Vazamentos de dados pessoais já não são mais novidade. Dia após dia, notícias inundam as redes com a força e a rapidez de uma grande adutora de água estourada. E, apesar de as empresas afetadas se apressarem para comunicar e se esforçarem para conter e tratar rapidamente o incidente, na maioria das vezes os titulares já foram impactados com mais um vazamento dos seus dados pessoais.
De acordo com o Relatório da Atividade Criminosa Online no Brasil, publicado em fevereiro deste ano pela empresa Axur, 2,8 bilhões de registros foram expostos no ano passado, número que manteve o Brasil, pelo segundo ano seguido, como o campeão mundial em vazamento de dados.
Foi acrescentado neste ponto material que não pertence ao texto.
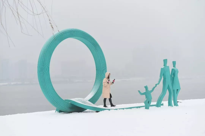 汉口江滩,市民与江边艺术雕塑合影。记者许魏巍 摄
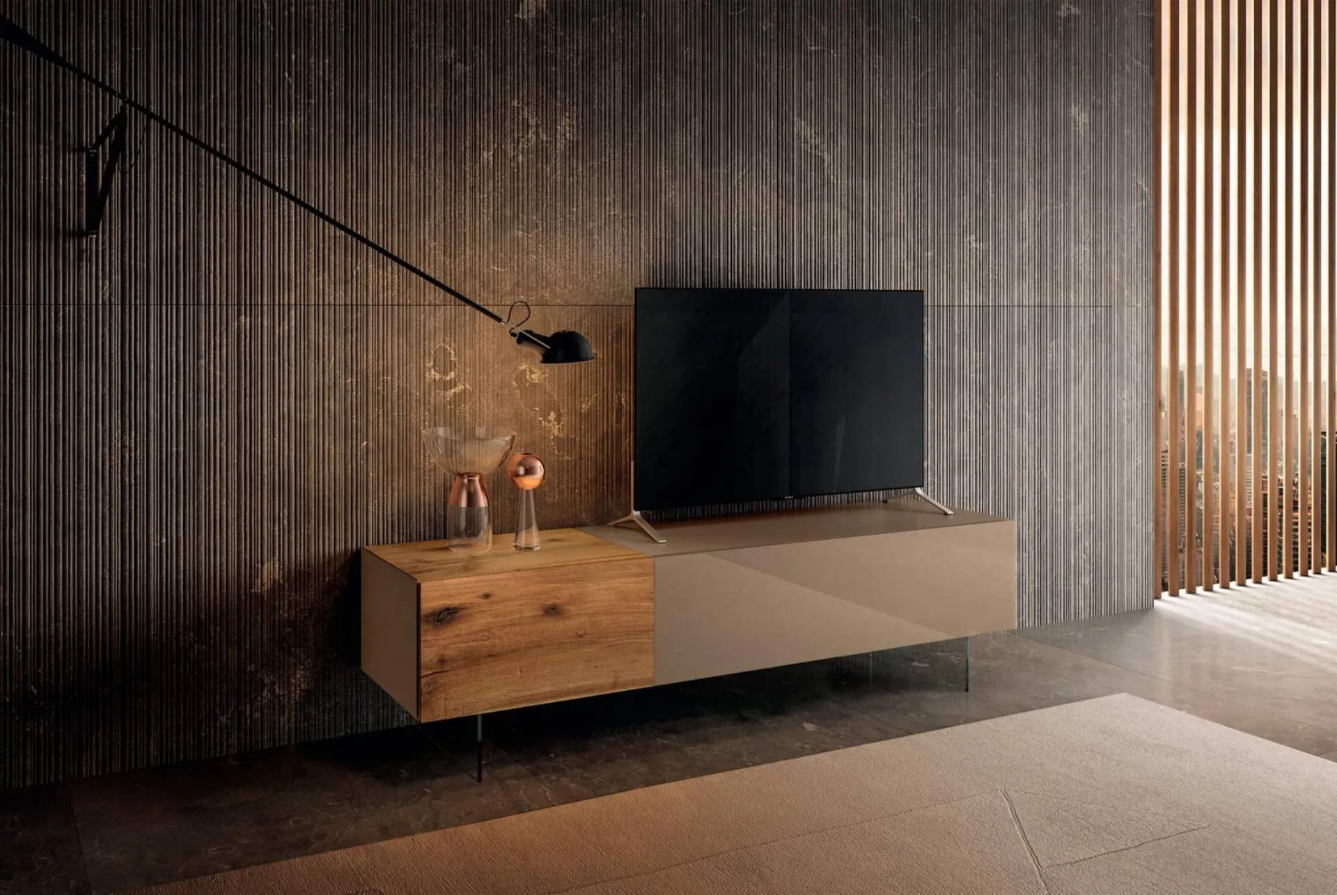 Poiché i Mobili Porta Tv moderni devono sfruttare al meglio lo spazio, sarà imprescindibile selezionare attentamente qual è la tipologia di sistema che fa al caso tuo. Una parte delle finalità alle quali i Mobili Porta Tv devono rispondere nel soggiorno sono tenere in vista la TV, gli altri apparecchi multimediali e la tua oggettistica. Dopo aver scelto la tipologia di supporto che vuoi acquistare, potrai scegliere a quale idea di stile rifarti: i modelli moderni di Lago ti aspettano in showroom. Nella nostra ricca collezione di arredi firmati dal rinomato marchio, scoprirai pure Mobili Porta Tv in vetro per impreziosire alla perfezione il tuo soggiorno. I Mobili Porta Tv moderni di Lago in vetro non servono solo a impreziosire i tuoi locali di casa, ma anche a sfruttare al meglio lo spazio.

Conteúdo dos 24 vazamentos de 2021, separados por trimestre. Fonte: Axur
Em estudo recentemente divulgado pelo jornal Estado de São Paulo, a consultoria alemã Roland Berger afirmou que, a cada segundo, uma empresa brasileira recebe uma tentativa de ataque hacker, ritmo que coloca o Brasil no 4º lugar entre os com maior volume de tentativa de ataques ransomware; em 2020, estava na 9ª posição. Ainda de acordo com a consultoria, a estimativa é que existam ao menos 17 grupos hackers atuando em ciberataques no Brasil, o que coloca o país na liderança desse tipo de criminalidade na América Latina. “Qualquer empresa de porte e com fluxo de caixa grande é hoje alvo de ransomware”, afirmou Marcus Ayres, sócio-diretor da Roland Berger para a área de indústria e tecnologia.
O que fazer nesse cenário?
Diante desse panorama, como parte dos processos corporativos de gestão de incidentes, o agente de tratamento deve estabelecer responsabilidades e procedimentos para a identificação e registro de violações de dados pessoais. Deve, ainda, estabelecer responsabilidades e procedimentos relativos à comunicação para as partes interessadas nas violações de dados pessoais e à divulgação para as autoridades, levando em conta a regulamentação e/ou legislação aplicadas.
Cada organização, de acordo com o seu porte, deve possuir equipes que atuem no tratamento de incidentes de segurança da informação. O mais comum é a formação ou contratação de um Centro de Operações de Segurança, também conhecido como SOC. A equipe do SOC coordena e executa medidas de contenção e mitigação do incidente cibernéticos, como também notifica a equipe do Encarregado para registro de incidentes que contenham dados pessoais (violação de dados pessoais).
Incidentes de indisponibilidade característicos do modelo ITIL, de gestão de incidentes de serviços, também devem ser monitorados e comunicados à equipe do Encarregado para avaliação e acompanhamento. Esses tipos de incidentes geralmente são gerenciados por equipes que formam o Centro de Operações de Rede (NOC), que tem a responsabilidade de gerenciar a operação dos serviços hospedados nos centros de dados (data center) e atuar diretamente em casos de incidentes de indisponibilidade de alta prioridade que possam gerar riscos ou danos relevantes aos titulares de dados pessoais.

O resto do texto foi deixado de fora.